GOAL OF THE EXERCISE
Everything in the records below must be repeated exactly, except the pictures.
::::::::
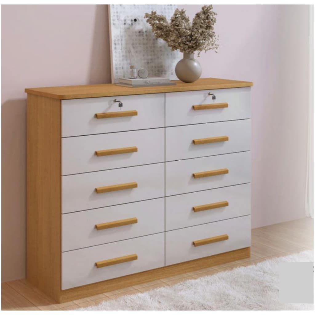Cômoda 5 Gavetas Cor Cinamomo Off White – 1 Gaveta Com Chave
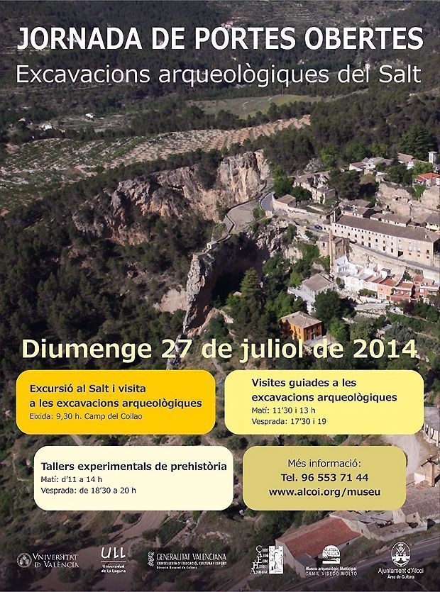 Aquest diumenge dia 27 de juliol se celebra la jornada de portes obertes a les excavacions arqueològiques del Salt, amb eixida a les 9.30h. des del Camp del Collao d’Alcoi. A banda de les visites guiades (matí a les 11.30 i la 13h., i vesprada 17.30 i 19 h.), es duran a terme uns tallers experimentals de prehistòria. Dins el cicle ’10 excursions voltant Alcoi i el seu patrimoni històric’.
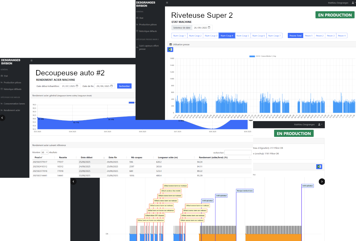 Déploiement d'IHM conviviaux et simples pour les opérateurs, pages plus poussés de suivi et paramétrage pour les techniciens habilités.
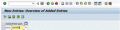 In the initial screen that the system displays (not shown), click the New Entries button. This action opens the screen shown in Figure 33. Enter the company code and payment request clearing G/L account, then click the save icon.
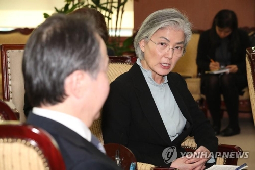 外交部に冨田浩司・駐韓日本大使(左)を呼び出し、日本の入国制限措置に抗議する康京和(カンカン・ギョンファ)外交部長官関連
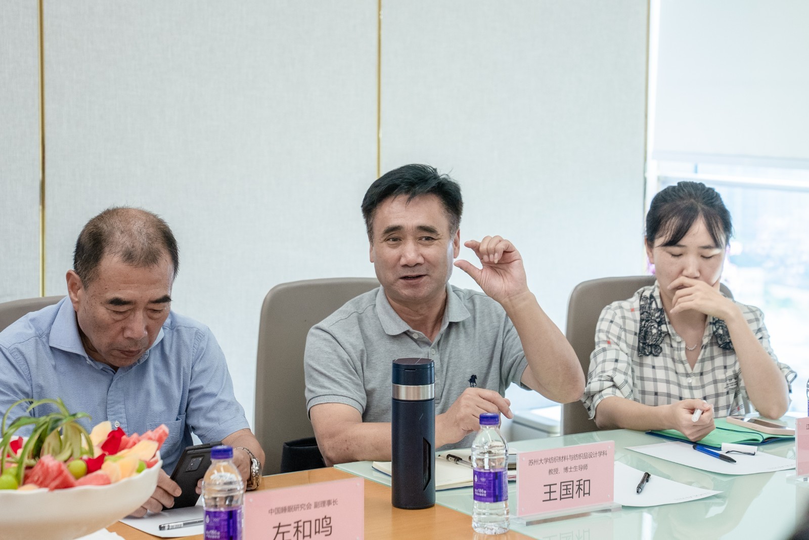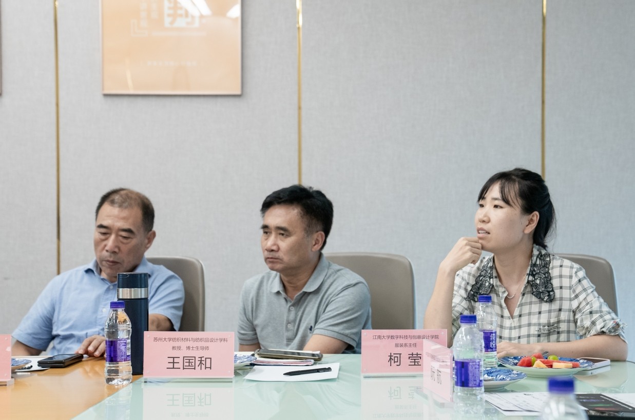 ▲中家纺协会副会长葛江霞女士主持座谈会
::::::::
SOLUTION FOR THIS TASK
Cômoda 5 Gavetas Cor Cinamomo Off White – 1 Gaveta Com Chave
 Aquest diumenge dia 27 de juliol se celebra la jornada de portes obertes a les excavacions arqueològiques del Salt, amb eixida a les 9.30h. des del Camp del Collao d’Alcoi. A banda de les visites guiades (matí a les 11.30 i la 13h., i vesprada 17.30 i 19 h.), es duran a terme uns tallers experimentals de prehistòria. Dins el cicle ’10 excursions voltant Alcoi i el seu patrimoni històric’.
 Déploiement d'IHM conviviaux et simples pour les opérateurs, pages plus poussés de suivi et paramétrage pour les techniciens habilités.
 In the initial screen that the system displays (not shown), click the New Entries button. This action opens the screen shown in Figure 33. Enter the company code and payment request clearing G/L account, then click the save icon.
 外交部に冨田浩司・駐韓日本大使(左)を呼び出し、日本の入国制限措置に抗議する康京和(カンカン・ギョンファ)外交部長官関連
 ▲中家纺协会副会长葛江霞女士主持座谈会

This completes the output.